しかしロンダニアは足を止めたまま、ネイノートを見つめるだけだ。
「すまない、ネイノート君。暫く僕は別行動を取らせて貰う」
安堵の表情を浮かべていたカノンカは表情を凍らせる。
ネイノートも珍しく、無表情な顔を崩した。
ネイノートはロンダニアの真意を測れないでいた。
何か思い当たる節があるわけではない。それでも、何かをしてしまったのだろうか、と必死に頭を働かせる。
ふと気づくと、ロンダニアの後ろには、金色の髪をした冒険者、レシュノアが立っていた。
レシュノアはロンダニアに声をかけると、二人で大通りを下っていく。
その去り際、貴族の顔に意味深長な笑みをネイノートは見た。
奴はまた何かを企んでいるのだろうか?
「ロンダニア!」
ネイノートは堪らず彼を呼ぶ。だが彼は振り返ることなく……
道行く人の波が、二人の姿を飲み込んでしまった。
ロンダニアを見失ったネイノートらは、冒険者ギルドの前に集まっていた。
勿論大通りを下って行ったロンダニアとレシュノアの姿は見えない。
代わりに見つけたのは、『賢者』ことメイレイ・ヒュエリエと、『剣星』ことガンゼオラ・バグナックスだった。

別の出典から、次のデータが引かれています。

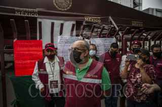TIJUANA, BAJA CALIFORNIA,18AGOSTO2021.- Un grupo de trabajadores de los Servidores de la Nación colocaron candados y tomaron las oficinas ubicadas en Zona Río con la intención de exigir la renuncia del delegado de la dependencia. Durante la protesta denunciaron despidos injustificados y actos de corrupción corrupción. FOTO: OMAR MARTÍNEZ /CUARTOSCURO.COM
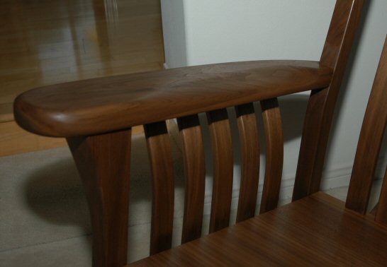 I was lucky with the crest rail – the grain figure came out really well and generally centered. The crest rail was cut from a piece of 8/4 plane sawn walnut. I cut the tenons before cutting the curves. To try to appreciate the work our ancestors had to go through, I cut the back curve of the crest rail by hand, using planes to cut away the excess material. The front curve would have been too hard to do by hand so I cut that on the band saw at school and smoothed it with a spokeshave.
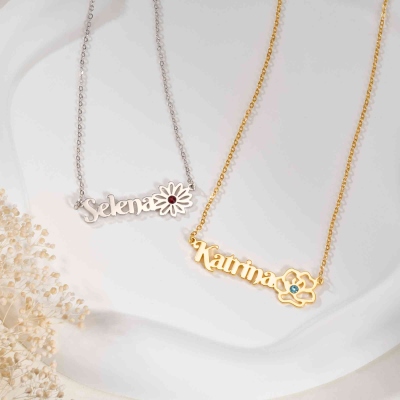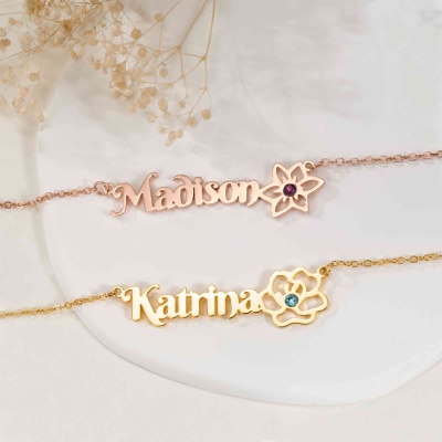 Un toque personalizado : personaliza el collar con cualquier nombre, flor y piedra natal para crear un recuerdo único. Cada detalle, desde la elegante tipografía hasta la brillante gema, refleja la historia personal de quien lo lleva, convirtiéndolo en una pieza exclusiva, creada especialmente para ella.

ネイノートの姿を確認した両名は、近くまで寄ってきて隣に並ぶ。
それとほぼ同時に、集まった冒険者の前にグランドが姿を現した。
「冒険者よ!よく集まってくれた!作戦は先の大戦と同様だ!ただ今回は、城壁に出来るだけ寄せて陣を立てることになった!それぞれ自分の為すべきことを確認しろ!皆の活躍を期待する!解散!」
短く要点を纏めると、集まっていた冒険者は散り散りに持ち場へ走っていく。
奔走する兵士たちを尻目に、軽い口調でメイレイは口を開く。
「弓使いさんは城壁の上かしら?」
その質問に、ネイノートは頷くことで答える。
「じゃあ私は前に出ようかしら。久しぶりに妹の雄姿も見たいしね」
何とも肝の座った女だ、とネイノートは思った。
これまでに見かけた兵士は皆、顔を青くして、無理矢理声を出している感じがしていたが、彼女はまるで平常運転といった感じだ。S級冒険者ともなれば、この程度日常茶飯事といったところだろうか。

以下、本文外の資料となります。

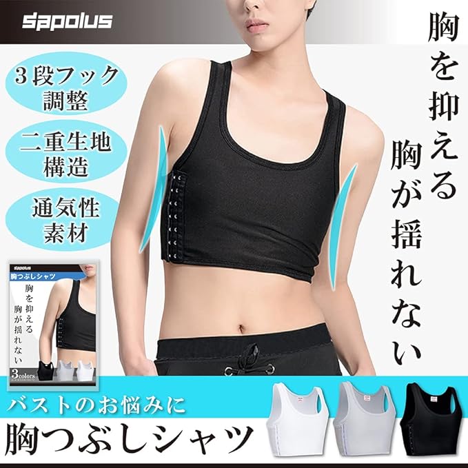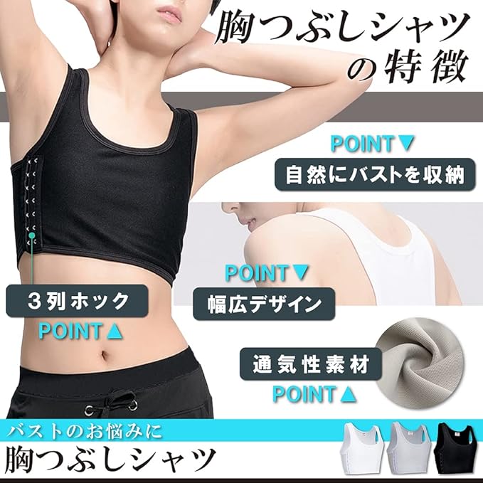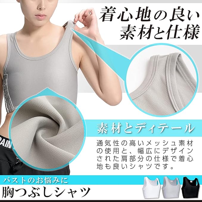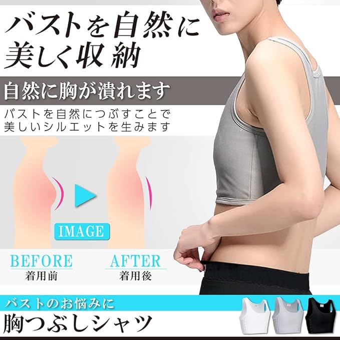 【こんな方におすすめ】胸が大きく太って見える、スポーツ時に揺れて痛い、自然にバストを小さく見せたい、コスプレ男装の衣装で使いたい。

たとえ人の身を超えたS級冒険者であろうと、会話を交わす程度には見知った顔。一番危険な前線に出ると聞き、嫌でも心配はしてしまう。
「ではわしも、前に出るとしようかの」
少年の驚きと心配を察したのか、ガンゼオラはネイノートを見るとそう述べた。
前線に出るという三人は、互いに戦力の確認をしていく。
一通り疑問が解消されると彼女らは、ネイノートを向いて笑いかけた。
「じゃあ援護は任せるわよ」
メイレイは当たり前のようにそういった。
しかしネイノートの体は一つ。矢も一射で三本までしか放てない。
いかに見知った顔であろうと、ずっと彼女らを見ているわけにもいかないだろう。
「お前たちばかり見てもいられないだろ」
勿論ネイノートにも分かっている。彼女の言う『援護』とは、前衛に対する後衛からの援護であり、彼女らだけに対するものではないことを。
先の言葉は、ネイノートなりの冗談だったのだが、彼女らの対応は、少年の想像と少し違った方向へと進んでいた。
失言してしまった、というように口に手を当てているメイレイ。
カノンカにガンゼオラも驚き目が空を彷徨う。
後に続く言葉も、ええと、とか曖昧なものに変わった。
「……とにかく頼むわよ!」
何とも自分勝手な女だ。
明らかな取り乱しように、質問を投げかけようとするネイノートだったが、それを無視して三人はその場を去ってしまった。
ロンダニアの態度といい、少年はもやもやした気持ちを抱えながら、一人城壁へと向かう。